[EM] Election methods in student government...
Kevin Venzke
stepjak at yahoo.fr
Fri Dec 22 12:15:34 PST 2006
Tim,
--- Tim Hull <thully at umich.edu> a écrit :
> DSC uses a somewhat interesting method - it effectively goes and excludes
> the groups of candidates that the most people prefer a "solid coalition"
> to
> until it finds a winner. However, what I am wondering is - what are the
> primary flaws of these two methods (especially as compared with IRV, of
> which I know quite a bit about the flaws)?
DSC will render your vote useless if you list a nobody as your favorite
candidate. (Just like under FPP.) IRV will eliminate that candidate and
allow your vote to be useful elsewhere.
(Also, I hate programming DSC, and I'm not positive what the cloneproof
thing to do is when multiple sets are tied.)
So even though DSC is monotonic and gives real incentive to fill out the
ballot completely (it fails LNHelp), I don't like it better than IRV.
For majority defeat disqualification + first preferences (let's call it
"MDD,FPP" using Woodall's comma notation to show that we don't eliminate
candidates prior to finding the FPP scores), in a single round, the
biggest problem is iffy winners. That is, it will toss out candidates
who lose a majority decision. But rather than give the win to someone
who *won* a majority decision, it gives it to whoever had the next
greatest number of first preferences. This same example:
49 A
24 B
27 C>B
A is ruled out due to a majority loss to B. But it can be shown that
B must not be elected, if we're satisfying LNHarm. MDD,FPP elects C,
which is a failure of Woodall's "Plurality criterion."
I'd note that MDD,FPP is much better than MMPO here, though.
MDD,FPP is also vulnerable to burial strategy:
40 A>C (but actual sentiment is A>B)
35 B>A (sincere; they feel free to vote A due to LNHarm)
25 C>B (sincere)
The 40 voters can take advantage of the assumption that the 35 voters
will vote for A. B wins when the 40 voters just vote "A", but when they
vote "A>C," this makes A win.
To stop this, the 35 voters need the 40 voters to be uncertain about
whether they will truly vote B>A. (Also, if the 25 voters don't strictly
rank C above B, they can also stop this.) Because if the 35 voters vote
just "B", then the 40 voters will accidentally elect C if they vote
insincerely.
My main criticism of MDD,FPP-plus-runoff is that if you view both rounds
of the method as a unit, it doesn't satisfy LNHarm. Your lower
preferences can affect who your candidate has to compete with in the
second round.
(Also, having two rounds may be undesirable. And also, I'd prefer a
version where you can list multiple first preferences, but that is not
sensible if you're going to have a runoff.)

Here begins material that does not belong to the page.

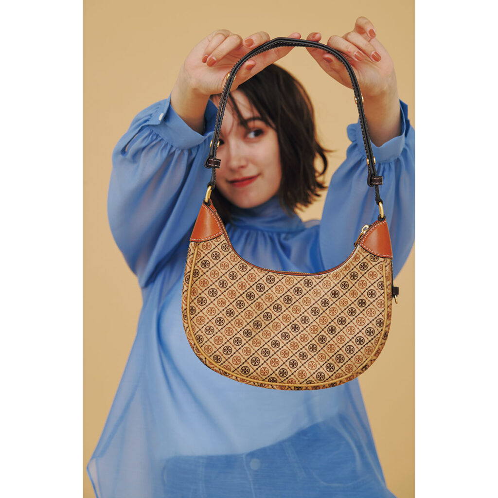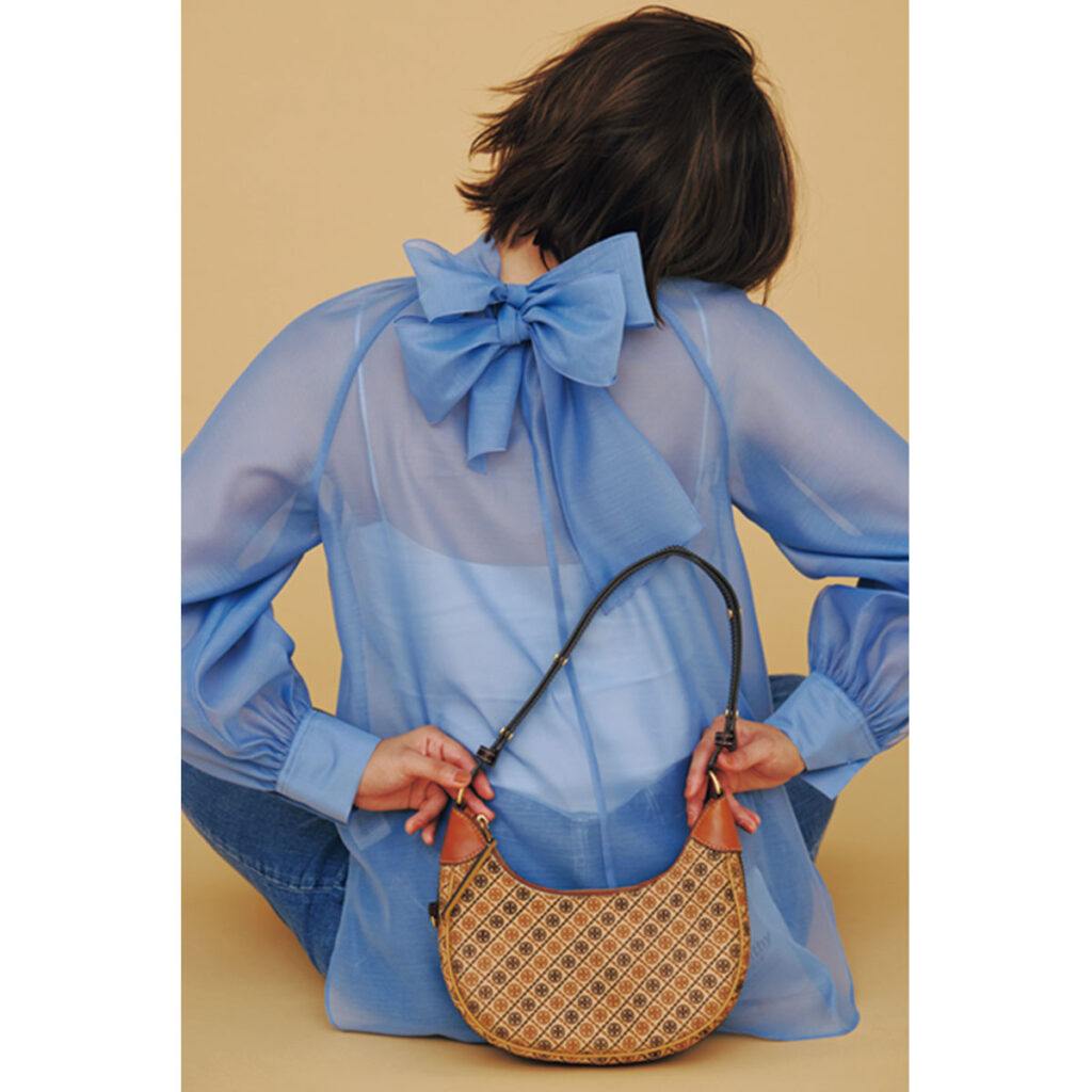小脇に抱えて品よく持つもよし、クロスボディにして、カジュアルに持つもよしなTモノグラムのバッグ。エレガントなブラウスに合わせて、今っぽクラシカルな装いに!バッグ「Tモノグラム クレッセントバッグ」〈H21×W24×D6.5cm〉¥94,600(トリー バーチ ジャパン)ブラウス¥17,930(シップス/シップス インフォメーションセンター)ベアトップ¥4,950(ココ ディール)パンツ¥16,500(ヘルシーデニム/ゲストリスト)

> I know all later-no-harm
> satisfying methods have more flaws than methods that don't satisfy it,
That's a matter of opinion and your priorities. I would say the common
side-effect of LNHarm is that voters may need to rank compromise choices
higher than if they voted sincerely.
> Frankly, I'm surprised more methods have not been
> developed that satisfy this criterion, as it would seem like an important
> one if you want people to vote honestly.
It is important, but there are just not that many ways to satisfy it.
It inherently hampers the way that compromise choices can be used.
Another criterion is the favorite betrayal criterion, which roughly says
that you can't ever help your favorite candidates by not voting for one
of them. Satisfying this criterion, you can at least be assured that you
will actually get people's real first preferences. (They just might be
tied with some other compromise choices.)
This is satisfied by e.g. Approval, MMPO, the MTR method (which is
just three-slot MDD,FPP with equal ranking allowed), my ICA method
(which is almost Condorcet-efficient), and one version of Bucklin.
> Also, does anyone have a clue as to how one would go about developing a
> multi-winner PR version of these methods? THAT sounds like an
> interesting
> prospect to me, as STV is currently the only method out there for pure
> multi-winner PR that satisfies LNH (not counting party lists, asset
> voting,
> and other nontraditional methods)
I'm not too sure. For DSC and MMPO, I have no idea how you would determine
fairly that a ballot has contributed to a given candidate's election.
I suppose it matters what it is you find lacking about STV. Whatever it
is I suspect there is no good solution for it, though.